[Extracted records]
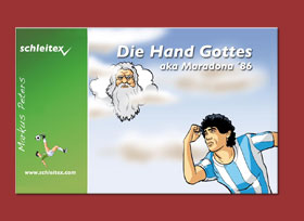 Die berühmteste Szene der WM (von wann eigentlich) mit der Hand Gottes hier künstlerisch umgesetzt vom Schleitex Verlag... Von dem Rummel danach hat sich Maradona irgendwie nie wieder erholt, oder?
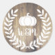 Silhueta de louros de fazenda branca russa sobre um fundo de planaltos de madeira de celeiro leve com iniciais de casal branco e silhueta de abóbora fofa.
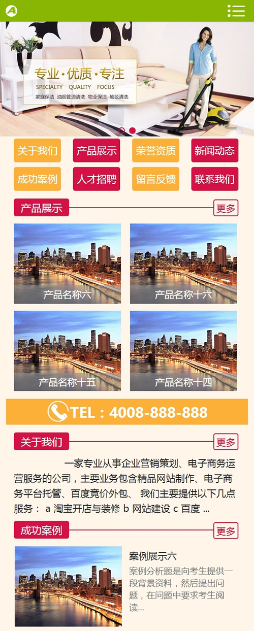 (带手机版数据同步)家庭保洁油烟管道清洗类网站织梦模板 家政保洁服务公司网站源码
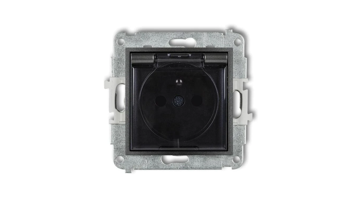 MINI Gniazdo bryzgoszczelne z/u IP44 z przesłonami klapka dymna grafitowe 11MGPB-1zdp
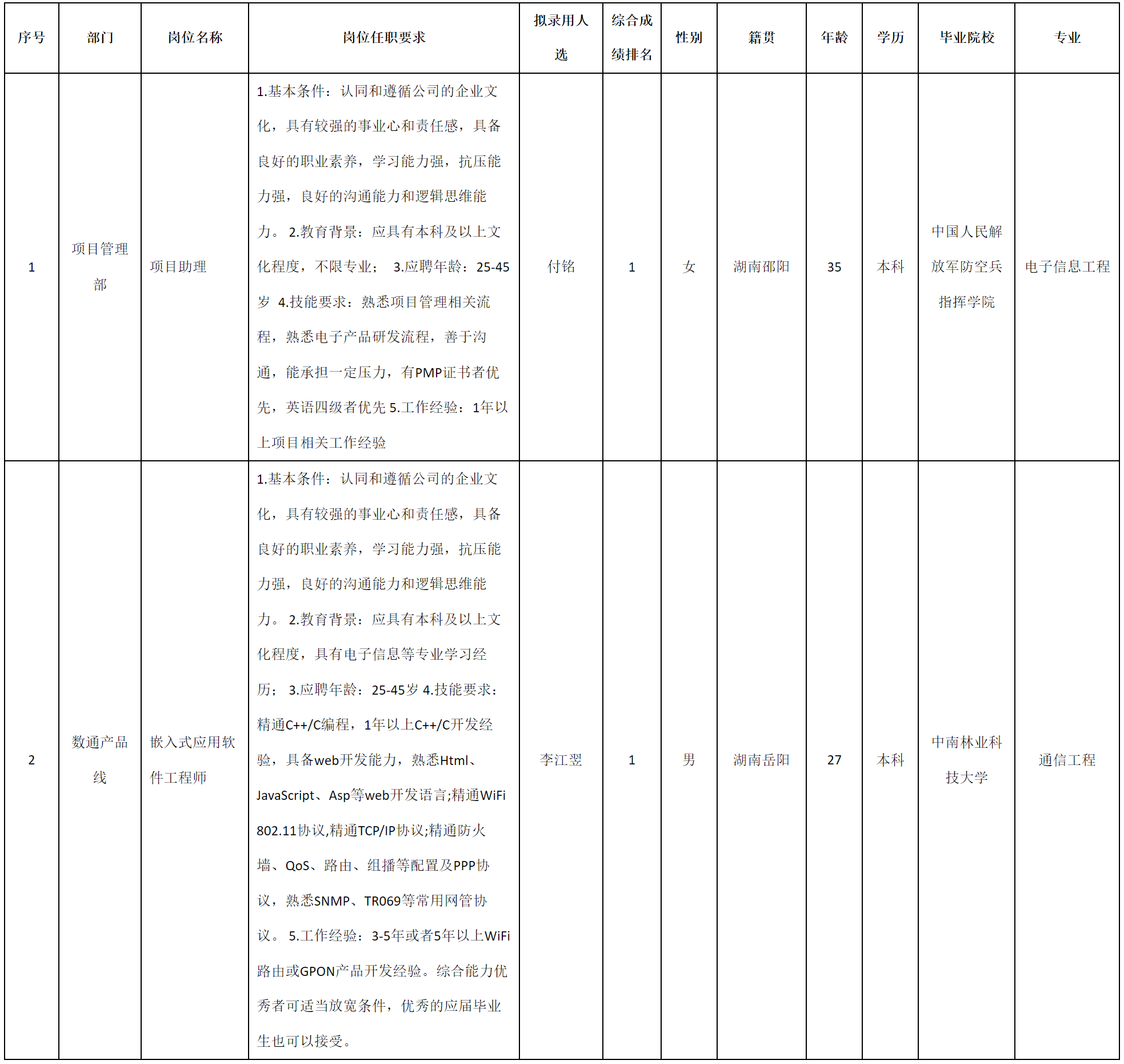 根據(jù)深圳市九州電器有限公司發(fā)布的招聘公告及招聘相關(guān)規(guī)定,經(jīng)筆試、面試、考察、體檢等程序,擬錄用李江翌,付銘同志到深圳市九州電器有限公司工作,現(xiàn)予以公示,具體情況如下:
[/Extracted records]
The entries are to be written out in full and exactly, apart from the pictures.

 Die berühmteste Szene der WM (von wann eigentlich) mit der Hand Gottes hier künstlerisch umgesetzt vom Schleitex Verlag... Von dem Rummel danach hat sich Maradona irgendwie nie wieder erholt, oder?
 Silhueta de louros de fazenda branca russa sobre um fundo de planaltos de madeira de celeiro leve com iniciais de casal branco e silhueta de abóbora fofa.
 (带手机版数据同步)家庭保洁油烟管道清洗类网站织梦模板 家政保洁服务公司网站源码
 MINI Gniazdo bryzgoszczelne z/u IP44 z przesłonami klapka dymna grafitowe 11MGPB-1zdp
 根據(jù)深圳市九州電器有限公司發(fā)布的招聘公告及招聘相關(guān)規(guī)定,經(jīng)筆試、面試、考察、體檢等程序,擬錄用李江翌,付銘同志到深圳市九州電器有限公司工作,現(xiàn)予以公示,具體情況如下:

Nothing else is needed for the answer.